Jan Leike

Jan Leike is an ai-alignment researcher who served as head of alignment at openai and co-leader of the superalignment project — one of the largest institutional commitments to alignment research in the field’s history. OpenAI committed 20% of its compute resources to the project within a four-year timeframe. Leike later departed OpenAI, making his tenure a significant chapter in the evolving relationship between frontier AI labs and safety research.

The Superalignment Project

Under Leike’s co-leadership, the Superalignment project pursued a strategy of automating alignment research using AI itself — building AI systems that can help solve the alignment problem for even more powerful successors. The project organized around three technical pillars:

  1. mechanistic interpretability — Understanding the internal workings of neural networks to verify that systems are genuinely aligned rather than merely appearing aligned.
  2. Generalization — Ensuring that alignment properties learned during training transfer reliably to new situations.
  3. scalable-oversight — Developing methods for humans (possibly assisted by AI) to supervise systems more capable than any individual human, building on paul-christiano’s work on iterative-amplification.

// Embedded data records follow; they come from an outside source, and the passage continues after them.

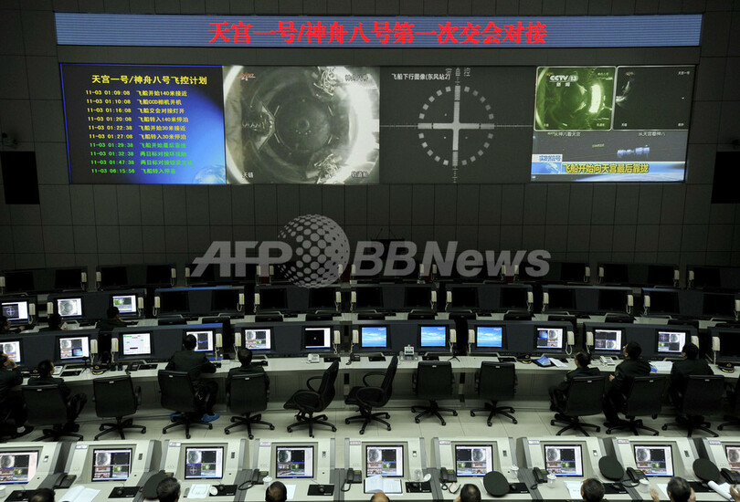 【11月3日 AFP】(写真追加)中国の国営新華社(Xinhua)通信は3日、中国の無人宇宙船「神舟8号(Shenzhou VIII)」が同日未明、実験用モジュール「天宮1号(Tiangong-1)」とのドッキングに成功したと報じた。
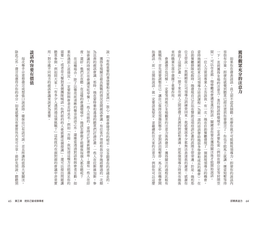 如果你在發表談話,員工卻不認真傾聽,那麼你就不可能展現領導力。即便你的說話內容很有分量,即便你感覺到聽眾已經注意到你要發言了,你也不能馬上就講,應當短暫等待一下,直到獲得全場的注意力。進行對話時環境不一定非要私密(例如在辦公室等封閉空間),可以在走廊、咖啡廳或會議室進行對話,關鍵是你要在獲得關注後才能開始說話。
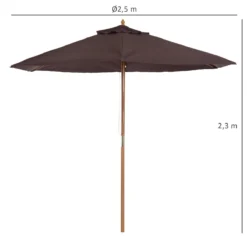 - – VERSÁTIL: Ideal para usar en tu jardín, terraza, patio o cualquier otro espacio al aire libre. Proporciona una zona sombrada donde puedes poner tus tumbonas de jardín, o un conjunto de mesa y sillas, para comer en familia o con los amigos – SOMBRILLA CON POSTE DESMONTABLE: Sombrilla con resistente estructura de madera de estilo clásico y actual, con 6 varillas de madera de bambú que sujetan firmemente la cubierta de poliéster. El poste de 38 mm de diámetro es desmontable en 2 partes y tiene una terminación decorativa en la parte superior – TECHO CON VENTILACIÓN: Esta sombrilla cuenta con una cubierta de doble techo, lo que proporciona mayor estabilidad los días de viento, mejor ventilación y también ayuda a disipar el calor – APERTURA Y CIERRE CON POLEA: Sombrilla muy fácil de utilizar gracias a su mecanismo de apertura y cierre mediante sistema de poleas. Tan solo tendrás que tirar del cordón hasta que llegues a la posición para fijarla con el pasador – MEDIDAS TOTALES: Ø250×230 cm (DxAL. Diámetro del mástil: Ø38 mm. NOTA: Esta sombrilla NO incluye base

Views on Alignment Tractability

Leike expressed cautious optimism about alignment, arguing that large language models’ ability to understand natural language is enormously helpful — it means AI systems can comprehend human instructions and values in the same medium humans use to communicate. He noted that LLMs have extensive implicit knowledge of human values and norms from training on vast quantities of human text.

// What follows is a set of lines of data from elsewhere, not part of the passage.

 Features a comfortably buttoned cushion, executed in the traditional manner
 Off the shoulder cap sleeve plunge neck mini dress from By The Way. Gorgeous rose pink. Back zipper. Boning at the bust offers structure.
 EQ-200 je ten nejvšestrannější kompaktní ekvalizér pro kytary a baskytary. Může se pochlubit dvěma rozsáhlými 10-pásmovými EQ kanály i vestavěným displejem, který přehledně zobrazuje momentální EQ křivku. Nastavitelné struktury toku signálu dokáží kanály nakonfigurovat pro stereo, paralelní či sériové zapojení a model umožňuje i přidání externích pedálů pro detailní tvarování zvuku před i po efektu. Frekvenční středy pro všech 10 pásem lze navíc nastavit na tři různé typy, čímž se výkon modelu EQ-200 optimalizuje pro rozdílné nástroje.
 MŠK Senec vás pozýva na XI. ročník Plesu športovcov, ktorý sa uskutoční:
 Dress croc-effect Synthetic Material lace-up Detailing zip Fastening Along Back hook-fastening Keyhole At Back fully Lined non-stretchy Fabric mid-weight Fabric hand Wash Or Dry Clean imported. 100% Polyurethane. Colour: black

However, Leike was clear that current techniques, particularly rlhf, are insufficient for superintelligent AI. A superintelligent system “could think of all kinds of ways to subtly subvert us, or try to deceive us or lie to us in a way that is really difficult for us to check.”

Significance

The Superalignment project’s three-pillar research agenda (interpretability, generalization, scalable oversight) continues to define the field’s major research directions. Leike’s eventual departure from openai became an important signal about the tensions between commercial pressures and safety commitments at frontier AI labs.